◆ The problem
From the data underneath, reproduce exactly the stretch that begins at the line with "Advertentie : A." and ends after the line with "Así, mientras que".

◆ Data extracts
::::::::
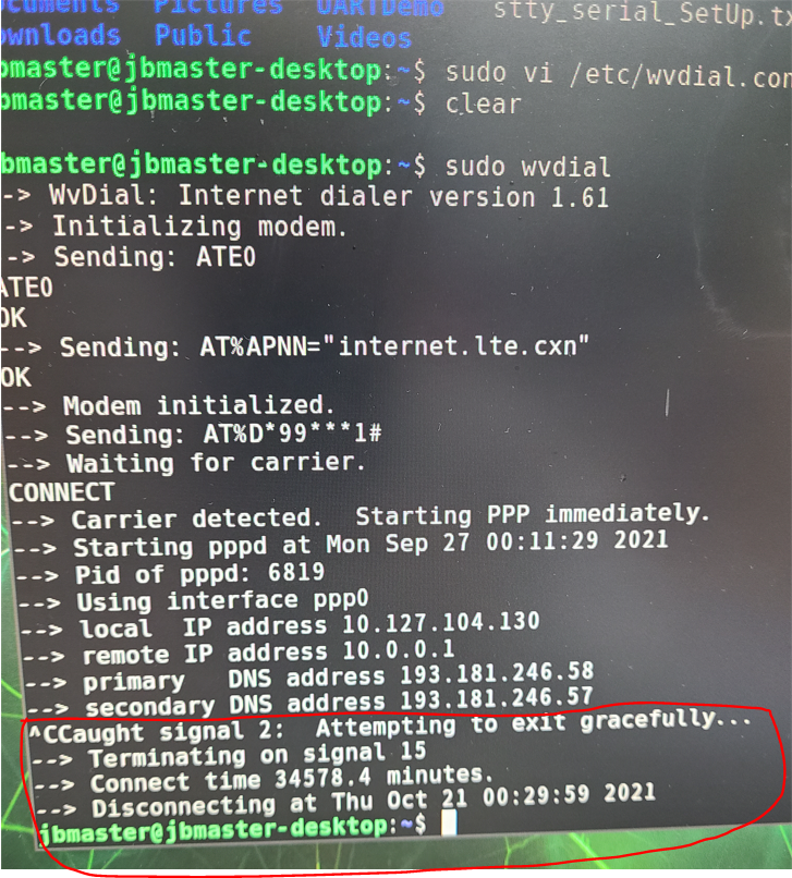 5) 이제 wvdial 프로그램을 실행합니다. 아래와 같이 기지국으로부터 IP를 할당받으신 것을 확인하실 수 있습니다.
::::::::
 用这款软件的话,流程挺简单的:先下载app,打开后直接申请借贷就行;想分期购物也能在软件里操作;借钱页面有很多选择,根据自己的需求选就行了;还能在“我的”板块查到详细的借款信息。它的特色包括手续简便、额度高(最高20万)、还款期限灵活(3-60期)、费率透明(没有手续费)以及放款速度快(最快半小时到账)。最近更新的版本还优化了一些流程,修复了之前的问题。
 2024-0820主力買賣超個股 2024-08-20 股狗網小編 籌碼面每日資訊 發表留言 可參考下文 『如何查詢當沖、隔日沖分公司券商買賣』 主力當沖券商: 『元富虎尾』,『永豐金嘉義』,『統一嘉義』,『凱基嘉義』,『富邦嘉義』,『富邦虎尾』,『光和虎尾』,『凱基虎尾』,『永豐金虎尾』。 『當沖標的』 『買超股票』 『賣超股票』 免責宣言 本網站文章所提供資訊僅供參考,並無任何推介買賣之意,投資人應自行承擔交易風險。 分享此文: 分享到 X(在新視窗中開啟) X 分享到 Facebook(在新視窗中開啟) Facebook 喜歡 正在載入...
::::::::
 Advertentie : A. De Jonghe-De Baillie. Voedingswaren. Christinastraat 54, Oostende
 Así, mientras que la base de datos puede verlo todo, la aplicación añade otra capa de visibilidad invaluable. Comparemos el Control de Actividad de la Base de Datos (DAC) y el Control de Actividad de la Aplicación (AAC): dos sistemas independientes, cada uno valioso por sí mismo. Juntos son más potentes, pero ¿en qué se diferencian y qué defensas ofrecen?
::::::::
◆ Written reply
 Advertentie : A. De Jonghe-De Baillie. Voedingswaren. Christinastraat 54, Oostende
 Así, mientras que la base de datos puede verlo todo, la aplicación añade otra capa de visibilidad invaluable. Comparemos el Control de Actividad de la Base de Datos (DAC) y el Control de Actividad de la Aplicación (AAC): dos sistemas independientes, cada uno valioso por sí mismo. Juntos son más potentes, pero ¿en qué se diferencian y qué defensas ofrecen?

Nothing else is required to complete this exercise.